The Kindle came out 10 years ago. I’m mystified why Amazon still haven’t figured out how to standardize the feature sets to operate the same across every platform. Here is a short list of some of the limitations of Kindle of Windows:
1) You cannot import personal content while you’re in the program itself, even if you can bring in files in other ways (such as by clicking while in your Web browser).
Yup, this puppy will directly load only Amazon-purchased books.
I know, that’s what they are trying to sell you. But people do use multiple vendors, and one of the ways Amazon achieved its dominance was by making this relatively easy (its ereading hardware and apps can’t read the ePub industry standard directly).
On every other device I own, including the irksome Fire tablet, which segregates out your personal stuff, but at least lets you view it, you can do this. On Windows? Nope.
I Googled high and low for the setting or tab or option, thinking I was missing something. Amazon’s own support threads confirmed that the personal documents feature is ‘not supported’ on Windows.
2) You cannot use your cloud collections. Cloud collections is another ‘unsupported’ feature for Windows. Again, why? What benefit is there to restricting this feature?
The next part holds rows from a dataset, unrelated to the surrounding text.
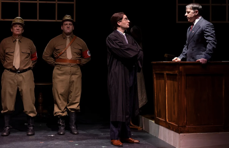 The play moves from Litten’s family home in Königsberg to his law office, where he represents workers and communists assailed by the state. Litten is not an ideologue, left or right. He is devoted to the rule of law, though the newspapers dub him “that Commie-loving Jew Litten.” Initially, Litten insists Germans are too educated and devoted to order to support a maniac like Hitler (Zack Calhoon). But as democratic norms are destroyed, Jews and immigrants attacked, and political enemies targeted, Litten’s law partner (Dave Stishan) warns him of impending doom.
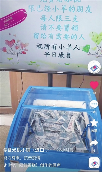 “有需要的可以过来领了,我直接把冰柜放在门口,你们来了直接拿就行。”这是“食光机小铺”在抖音上发布的一则短视频,冰柜就放在商铺门前,后面还立着显示器写着“免费老冰棍,限已小羊的朋友,每人限三支,请不要冒领,留给有需要的人,祝所有小羊人早日康复。”不少住在小铺周边的邻居看到了视频后,前来领取老冰棍,给正在发热的家人降降温。
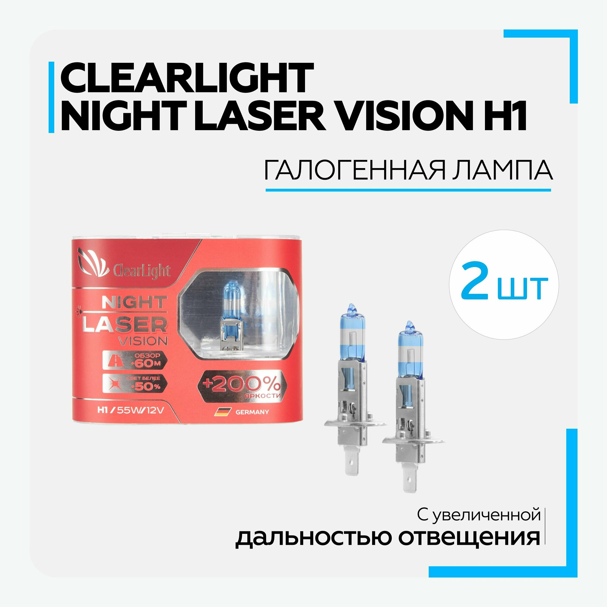 CLEARLIGHT Лампа галогенная CLEARLIGHT NIGHT LASER VISION +200% 12V H1 55W 2 шт MLH1NLV200
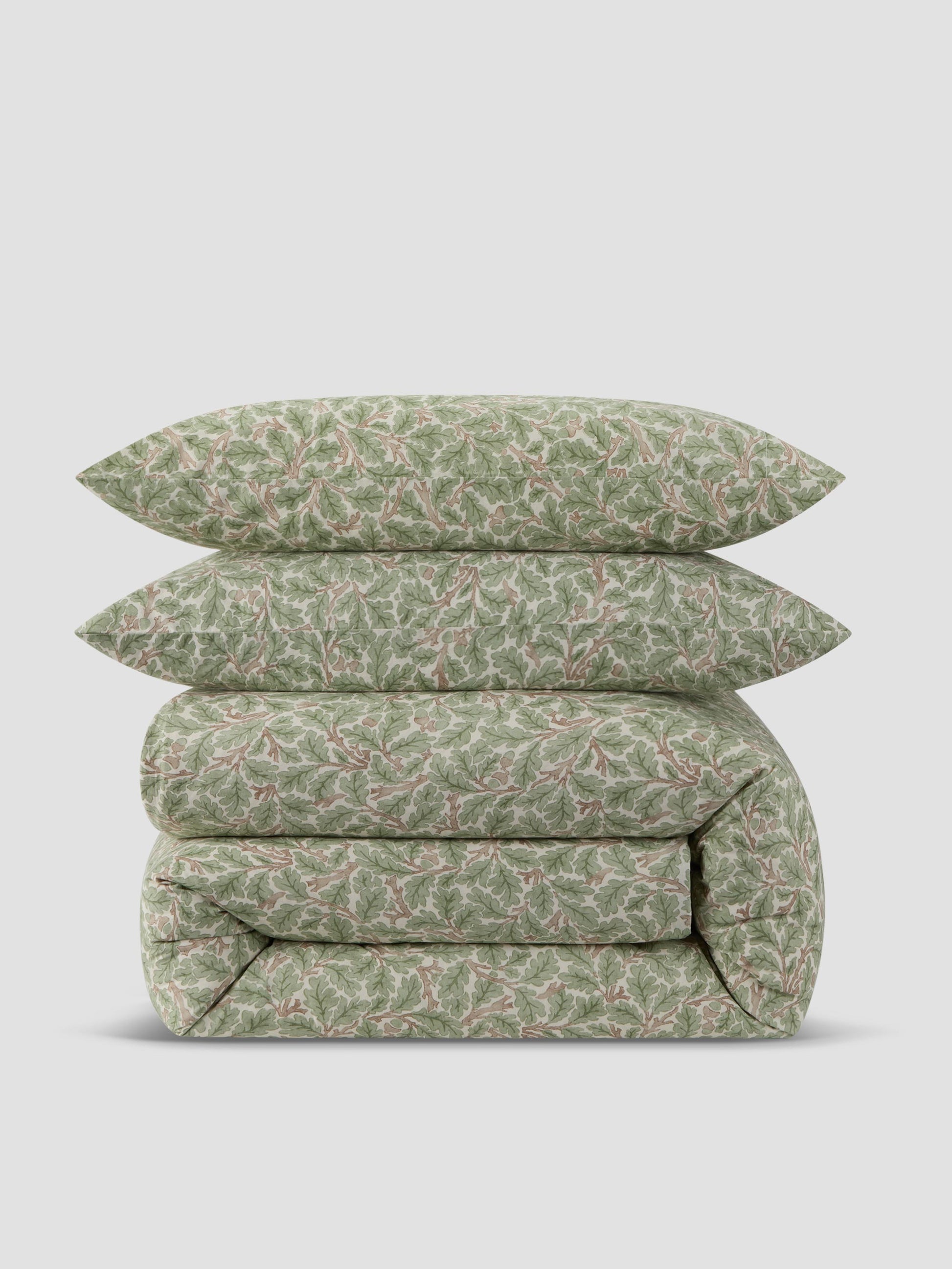 Leafy Arbour Oak Washed Cotton Percale Duvet Set
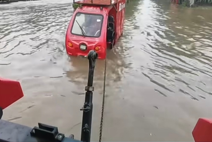 憑借產(chǎn)品動力強(qiáng)勁、牽引力大等優(yōu)勢,迅速幫助涉水車輛脫險。徐工拖拉機(jī)將部分受困車輛和物資轉(zhuǎn)移至安全地帶,為災(zāi)區(qū)人民提供了及時有效 的幫助。
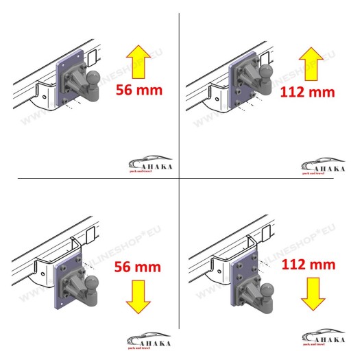 Przy użyciu tego artykułu kule można zamontować niżej, wyżej lub na tym samym poziomie. Dzięki zamocowaniu kuli na poziomie otworów w haku zwiększy się dystans pomiędzy kulą a powierzchnią mocującą. Szczególnie przydatny przy niektórych bagażnikach rowerowych lub zaczepach AL-KO które wymagają większego odstępu kuli od haka holowniczego.
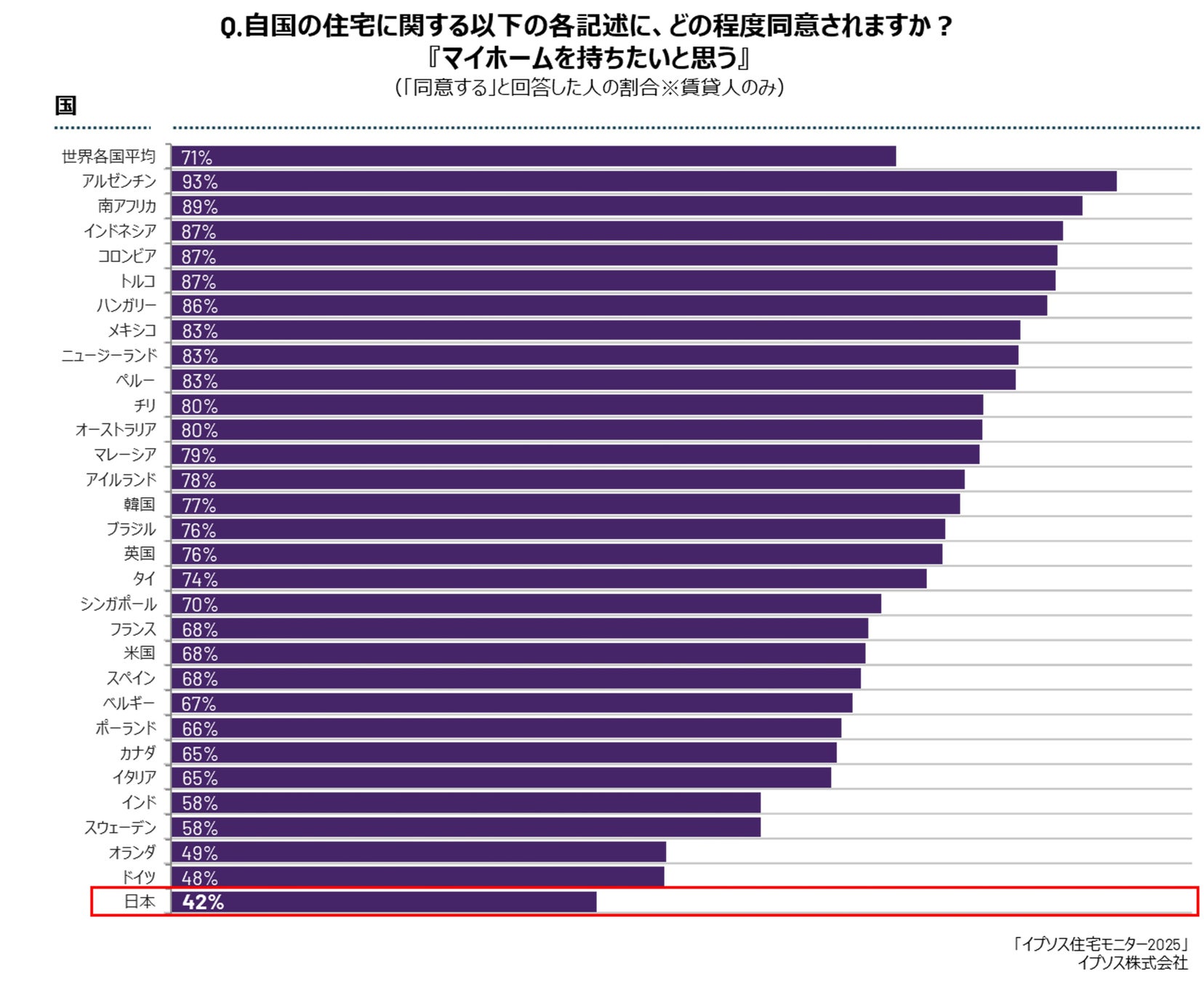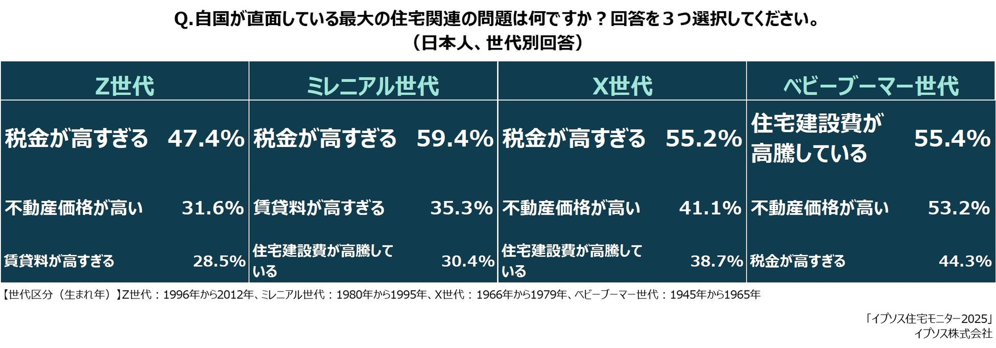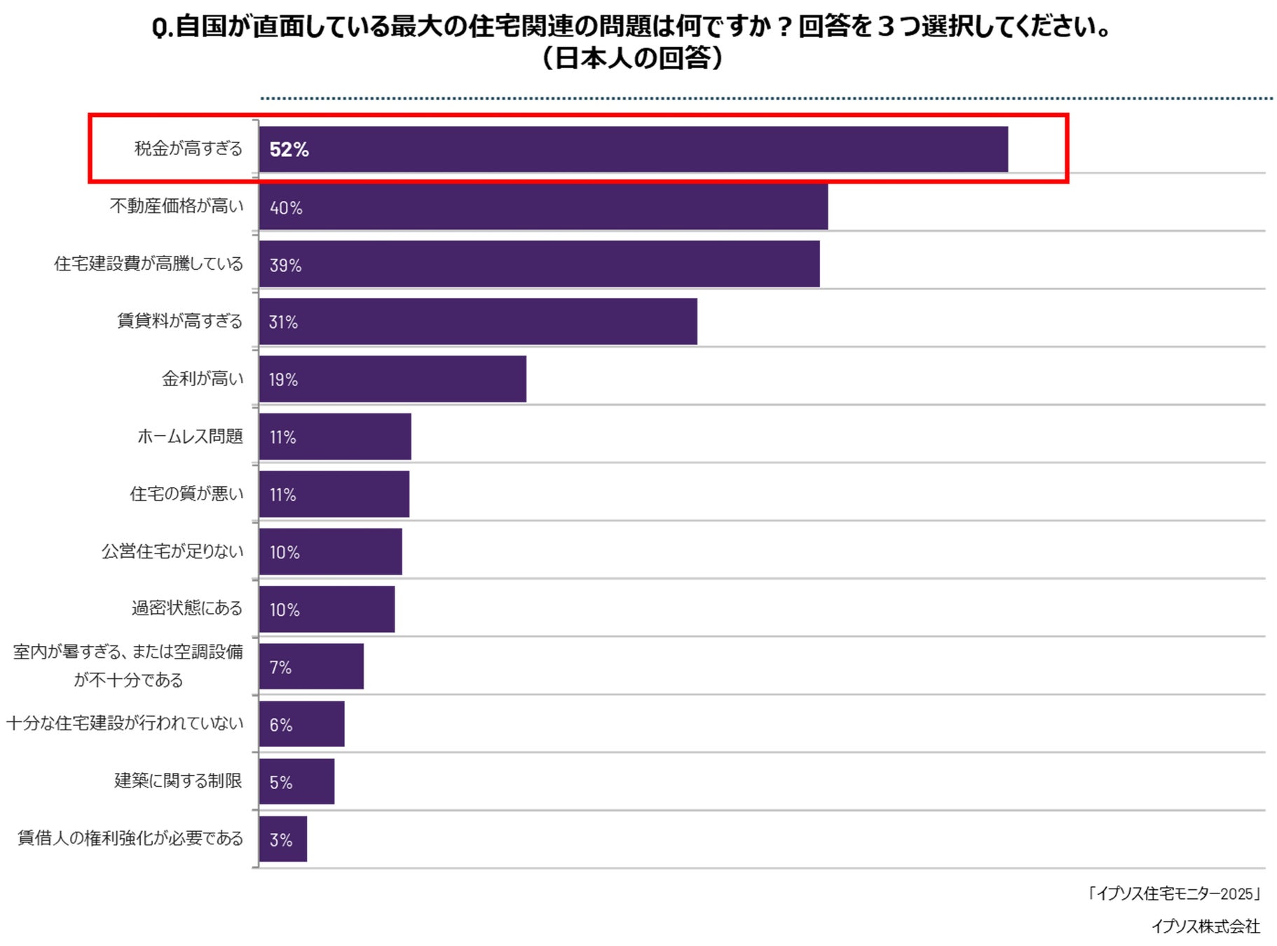 世界最大規模の世論調査会社イプソス株式会社(日本オフィス所在地:東京都港区、代表取締役:内田俊一)は、日本を含む世界30か国22,279人を対象に住宅に関する意識や希望調査を実施した「イプソス住宅モニター2025」を発表しました。調査の結果、日本は住宅関連の課題として「税金が高すぎる」を挙げる人が最も多い国であることが明らかになりました。

I have over 200 books and I don’t want to rifle through them all every time I open up the app. My standard procedure has been to add every new purchase to a collection called Unread Books and then, as I read them, shelve them into other collections by category. It works so well on my iOS and Android devices. When I am looking for something new to read, I just open up the Unread Books collection and download something. So why can’t I do this on the Windows reader? No reason, other than Amazon does not happen to support it for no good reason I can discern.
3) No integrated store. The store button sends you to the web browser. I don’t feel like that’s good UI—it’s not a fatal flaw to me, but it isn’t good UI.
So will I keep Kindle for Windows? I will, because I do have enough unread Kindle purchases to make it worthwhile, even if I can only read Amazon books with it. But the lack of collections on top of that is really sad to me. Why can’t I organize my books? Why would this be such a hard feature to implement in an app like this?
The more important issue for me is this whole ‘only supported on the following devices’ issue in the first place. Why do that? Why not just put out all your devices one day in an Amazon boardroom, let everyone try them out, and vote on the one with the best overall experience—and then standardize all the other ones to behave the same way? It shouldn’t take a customer half an hour of searching online, only to learn that something they can do on four other devices is seemingly not supported on the fifth one. Kindle should be Kindle. If I can do it on iOS, I should be able to do it on Windows too. Epic fail, Amazon. I’m disappointed.
Publisher’s note: Yep. Reminds me of how irrationally stubborn Amazon is in refusing to add an all-text bold option to Kindle hardware and apps. Customers like Joanna and me who’ve bought not only hardware but hundreds of books—that’s a screenshot from my Kindle for PC software—deserve better treatment. – D.R.